John turned the control yoke, pulling back with considerable strength. The flight controls shook in his hands in resistance.
‘Come on! Don’t give up on me now you sonovabitch!’ John thought silently to himself of the Tequesta.
Rogers Lake stretched out as far as John could see. He pulled up hard on the yoke, willing the nose of the Tequesta to turn up. The controls shook again angrily in response. The nose turned up. John was in level flight with the desert lake bed runway. His speed had slowed considerably.
With the Tequesta level he pulled back on the controls for the landing gear. He prayed that they would even deploy. The doors opened on the bottom of the black heat shield. The wheeled landing struts reached down.
John looked over to a secondary display that showed he had all five green lights on the landing gear. He allowed himself a smile.
The lowered gear created more drag. He was still coming in much faster than he liked. John pitched the nose up ever so slightly more, further reducing his forward velocity. He didn’t want to dump down on his gear.
John gritted his teeth. Praying, hoping and with much strength dropping the craft as gently as he could.
Gear four and five made contact first, followed a h
alf second after by two and three. Dust kicked up from the lake bed runway, trailing in a long tail behind him. The Tequesta rumbled angrily upon landing. John hoped to God they wouldn’t break the gear and fall over.
Gear one under the nose settled. John hit the brakes at a third power first. The Tequesta rolled on slowing eventually over the long runway. More power on the breaks.
Julie had put her head down in the final moments. The shaking within the Tequesta was rather scary.
Forward momentum slowed, becoming a crawl.
Wheel stop!
The dust cloud enveloped them from behind and faded. John kept his iron grip on the controls for a few moments.
He was down! They were home!
A slight chuckle escaped John’s throat. Growing a few more laughs in the next breath.
Julie looked up to see the dry desert lake bed ahead. She smiled as she realized they had stopped.
“Great landing Romeo Golf Five Zero Nine. Welcome home!” Was all John heard from the headset before he and Julie let out a collective hysterical laugh of relief.
“We’re home!” John smiled.
“We made it!!!” Julie unbuckled her straps and leaned over to bear hug her uncle.
“Be advised Romeo Golf Five Zero Nine. Secure your craft and prepare to be boarded. Units are en route to your position.” The Edwards controller called back.
“Copy that, Edwards Control!” John answered jovially. “Shutting her down now!” John pulled the headset off.
His hands went to the break lock switch. He shut off the hyperdrive and set the reactor to its standby setting. Once finished John released his own straps and moved to stand up. He looked over at Julie who was also getting up.
“Come on!” he smiled at her. “Let’s have a look outside!”
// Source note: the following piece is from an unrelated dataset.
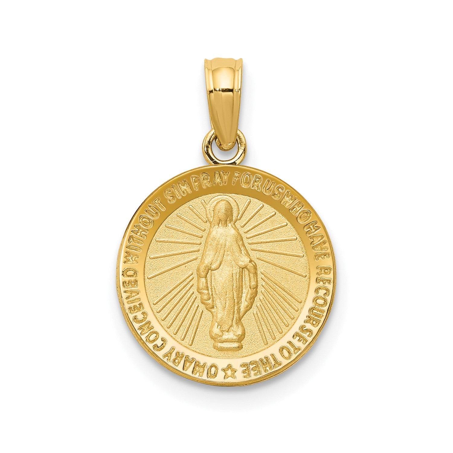 This exquisite 10k solid yellow gold pendant is a stunning representation of the Miraculous Mary, a beloved Catholic symbol. Measuring 13mm (approximately 0.51 inches) in size, this charm is a beautiful expression of faith and devotion. Crafted from genuine 10k yellow gold, it showcases exceptional craftsmanship and attention to detail. The intricate design captures the serene and graceful image of the Virgin Mary, making it a cherished piece for those seeking spiritual guidance and protection. Whether worn as a pendant or carried as a charm, this Miraculous Mary charm is a timeless treasure that will be treasured for years to come. Its rich golden hue and enduring quality ensure it will remain a treasured keepsake, serving as a constant reminder of faith and divine blessings.

Julie offered no argument. John got out ahead of her and led her back to the cargo compartment.
John released the small side airlock door of the Tequesta. The door swung open, releasing the stale artificially scrubbed air of the cargo bay out while letting the dry hot air of the outside in. John pulled the emergency ramp release. A yellow inflatable ramp shot out the side of the airlock, inflating into a slide.